A Short History Of The Missionary Society At Hermannsburg, North Germany -- By: G. Haccius

Journal: Bibliotheca Sacra
Volume: BSAC 045:178 (Apr 1888)
Article: A Short History Of The Missionary Society At Hermannsburg, North Germany
Author: G. Haccius


A Short History Of The Missionary Society At Hermannsburg, North Germany

Pastor G. Haccius

Translated by Prof. Charles Harris

[Continued From Page 162]

We now enter upon the second period, the administration of Theodore Harms. Of this period it may be said that success brings cares. The blossom unfolds more and more, but there comes a serious crisis. The Hermannsburg Missionary Society had to meet the question: “Has the blossom unfolded too fast? Can the work be carried on as its quick growth and extension demand?”

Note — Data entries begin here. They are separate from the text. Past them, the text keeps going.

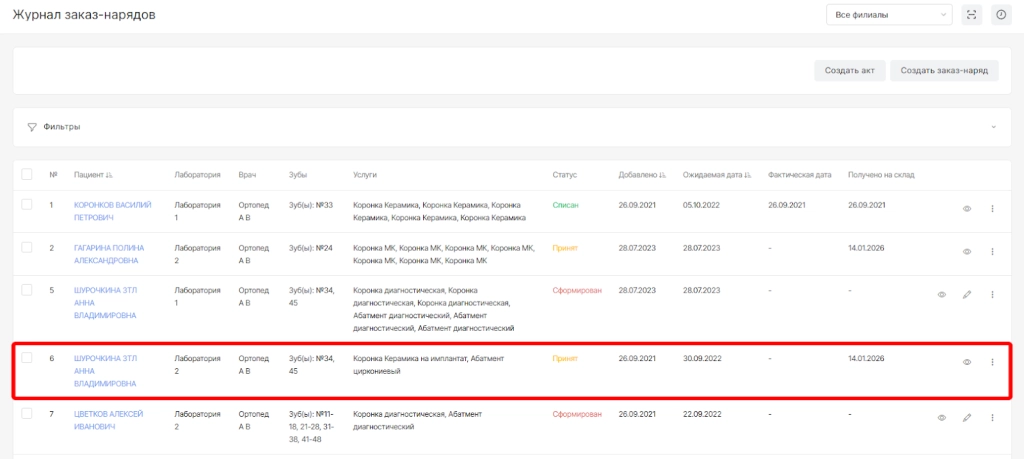 Также в модуле “ЗТЛ”, в разделе “Журнал заказ-нарядов” по принятому заказ-наряду пациента отобразится статус “Принят” и дата получения на склад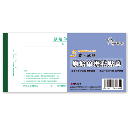 弓箭手(Arcarius)-凭证-原始单据粘贴单 会计记账凭证打印纸 50张/本(220*105mm)5本装 ks-08840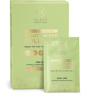 Plent Beauty Blend Collagen Kiwi Lime är ett kosttillskott med hydrolyserade marina kollagenpeptider från hållbart odlad fisk i kombination med 12 aktiva vitaminer och mineraler. Produkten innehåller ett livsmedelsbaserat B-komplex (B1, B2, B3, B5, B6, biotin, folsyra och B12), C-vitamin från acerola, zink, koppar och mangan. Varje dospåse innehåller den rekommenderade dagliga dosen och är naturligt smaksatt med kiwi och lime.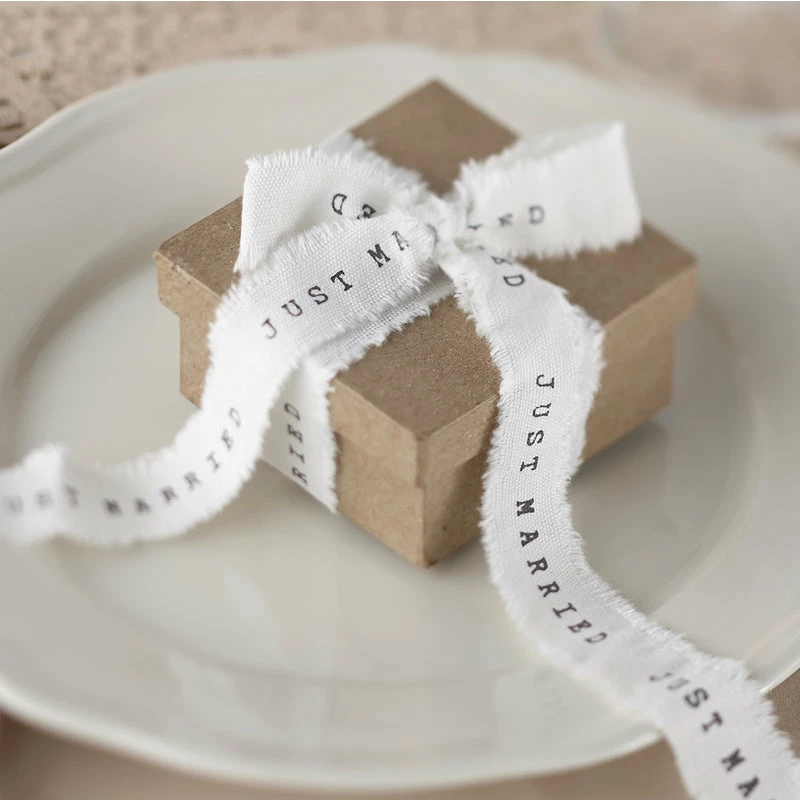 White frayed ribbon with the words Just Married printed with a vintage typewriter font, ideal for wrapping favours or gifts.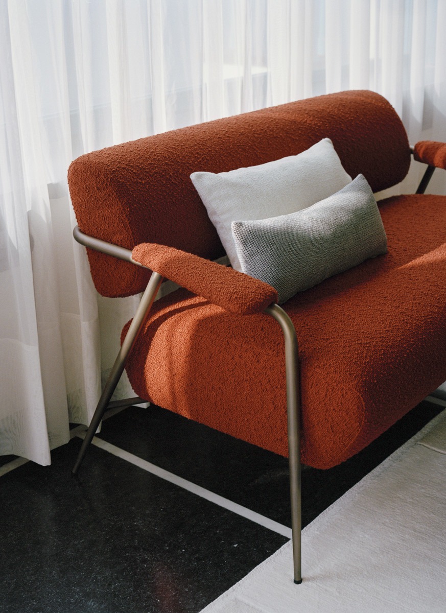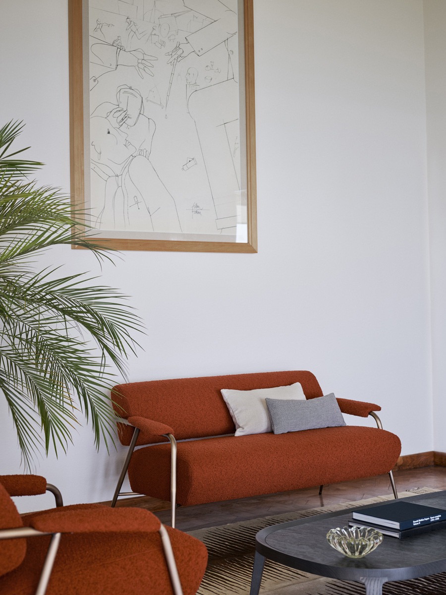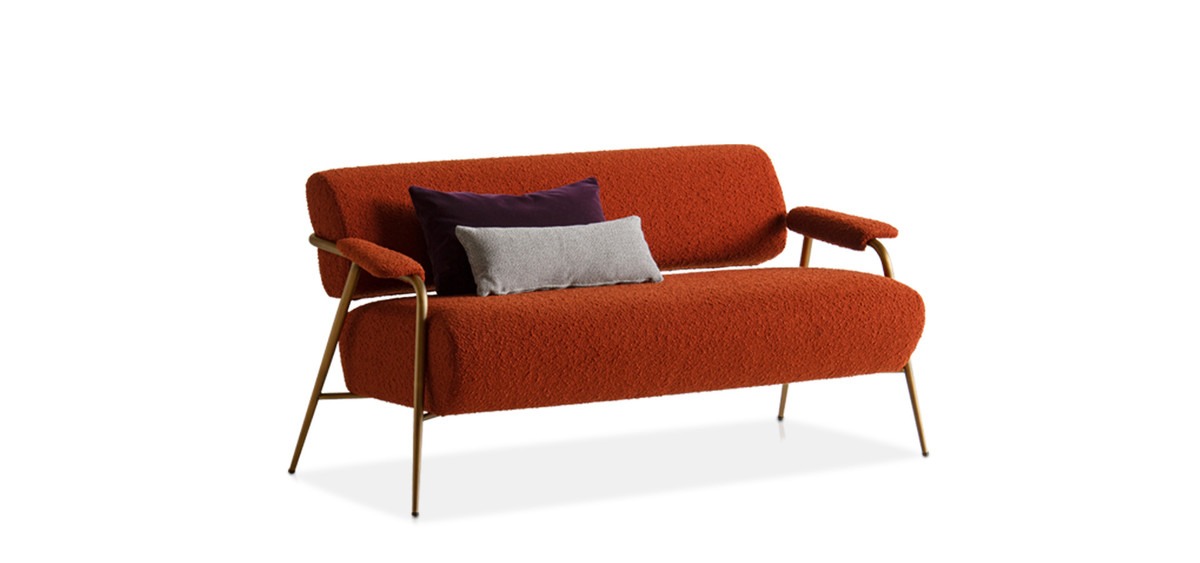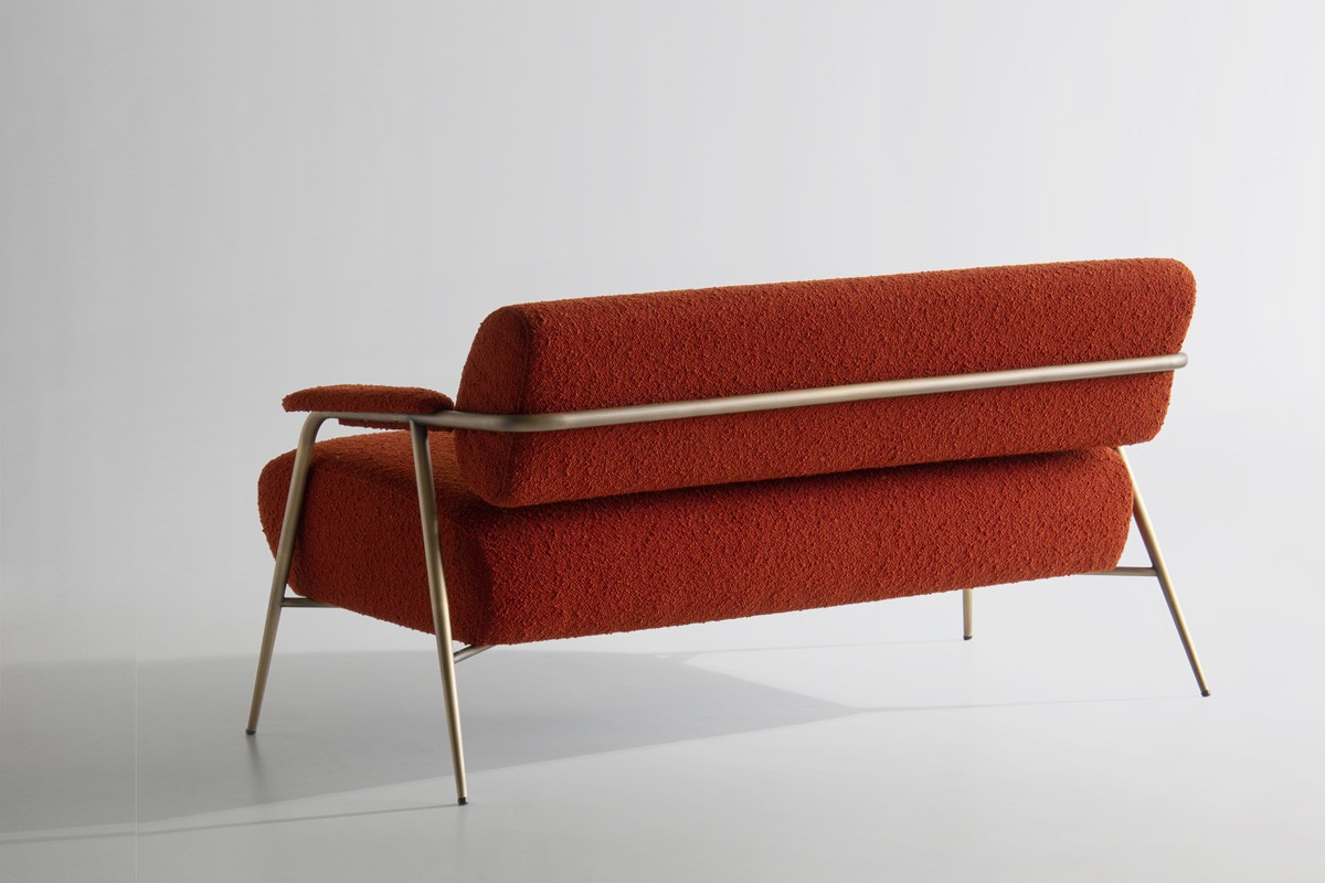 Sofa, which completes the homonymous collection, with seat and backrest padded in fire retardant polyurethane foam.Structure in metal rod, in bronzed brass or anthracite embossed painted metal finishes.Finishes and coverings as per collection

Theodore Harms was the natural successor of his brother. He had helped to begin the work; he knew all the missionaries personally and was acquainted with all the necessary details. With a just estimation of this state of affairs, the Consistory appointed him pastor of Hermannsburg. It did so, however, with the condition that he permit the appointment of a collaborator, in order that neither his work as pastor nor his work as director of missions might suffer. Harms

consented the more willingly, as the mission-inspector, Drewes, who stood in personal relationship to him, was appointed to the position. In consideration of the great prominence of his brother and predecessor, it was with hesitation that Theodore Harms accepted the double office, but, trusting in the power of divine grace, he did it joyfully. He knew that his brother had not been the leader and director of the mission, but God only. He promised to yield entire obedience to Him and to keep the missionary society purely Lutheran, as he had received it. His appointment was received everywhere with joyful approval, and the missionaries especially showed great confidence in him.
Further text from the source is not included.